Smashing Automatic Speech Recognition Models with x-fast

This tutorial demonstrates how to use the pruna package to optimize any custom whisper model. In this case, the outputted model is a smashed whisper model. We will use the openai/whisper-large-v3 model as an example.

Loading the ASR model

First, load your asr model.

import torch
from transformers import AutoModelForSpeechSeq2Seq, AutoProcessor, pipeline
from datasets import load_dataset

device = "cuda:0" if torch.cuda.is_available() else "cpu"
torch_dtype = torch.float16 if torch.cuda.is_available() else torch.float32

model_id = "openai/whisper-large-v3"

model = AutoModelForSpeechSeq2Seq.from_pretrained(
    model_id, torch_dtype=torch_dtype, low_cpu_mem_usage=True, use_safetensors=True, attn_implementation="eager"
)
model.to(device)

processor = AutoProcessor.from_pretrained(model_id)

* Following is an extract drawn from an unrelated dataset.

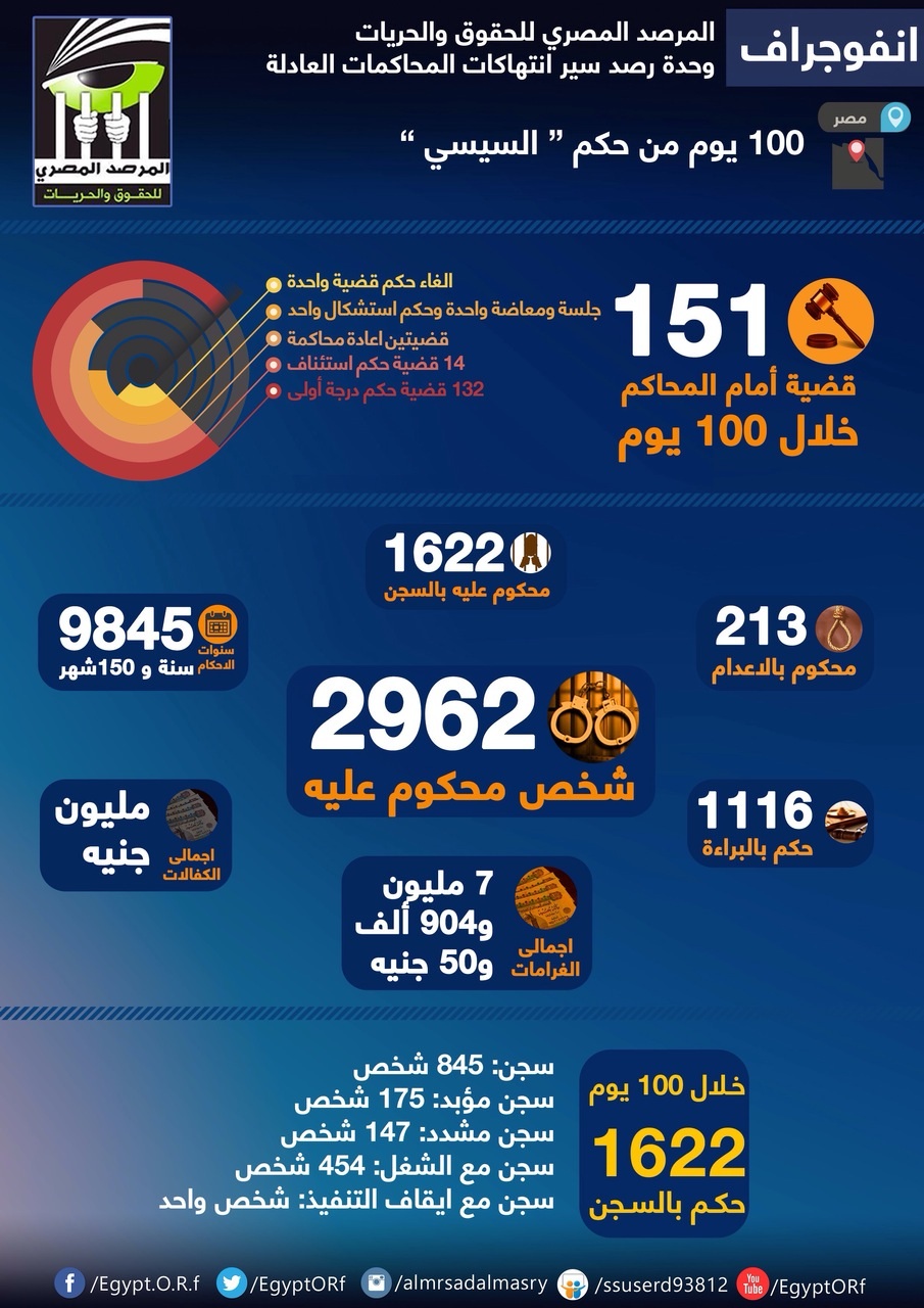 تقرير المحاكمات خلال 100 يوم من حكم السيسي

Initializing the Smash Config

Next, initialize the smash_config.

from pruna_engine.SmashConfig import SmashConfig

# Initialize the SmashConfig
smash_config = SmashConfig()
smasher_config['task'] = 'audio_text_transcription'
smasher_config['compilers'] = ['x-fast']
# uncomment the following line to quantize the model to 16 bits
# smasher_config['quantizers'] = half

Smashing the Model

Now, smash the model.

from pruna.smash import smash

# Smash the model
smashed_model = smash(
    model=model,
    api_key='<your-api-key>',  # replace <your-api-key> with your actual API key
    smash_config=smash_config,
)

Don’t forget to replace the api_key by the one provided by PrunaAI.

Preparing the Input

dataset = load_dataset("distil-whisper/librispeech_long", "clean", split="validation")
sample = dataset[0]["audio"]
input_features = processor(sample["array"], sampling_rate=sample["sampling_rate"], return_tensors="pt").input_features.cuda().half()
prompt = processor.get_decoder_prompt_ids(language="english", task="transcribe")

Running the Model

Finally, run the model to transcribe the audio file. The first iteration may take a while to run because we do additional compilation in that time, but subsequent iterations will be very fast.

# Display the result
results = model.generate(input_features)
processor.batch_decode(results, skip_special_tokens=False)

Wrap Up

Congratulations! You have successfully smashed an ASR model. You can now use the pruna package to optimize any custom ASR model. The only parts that you should modify are step 1 and step 5 to fit your use case.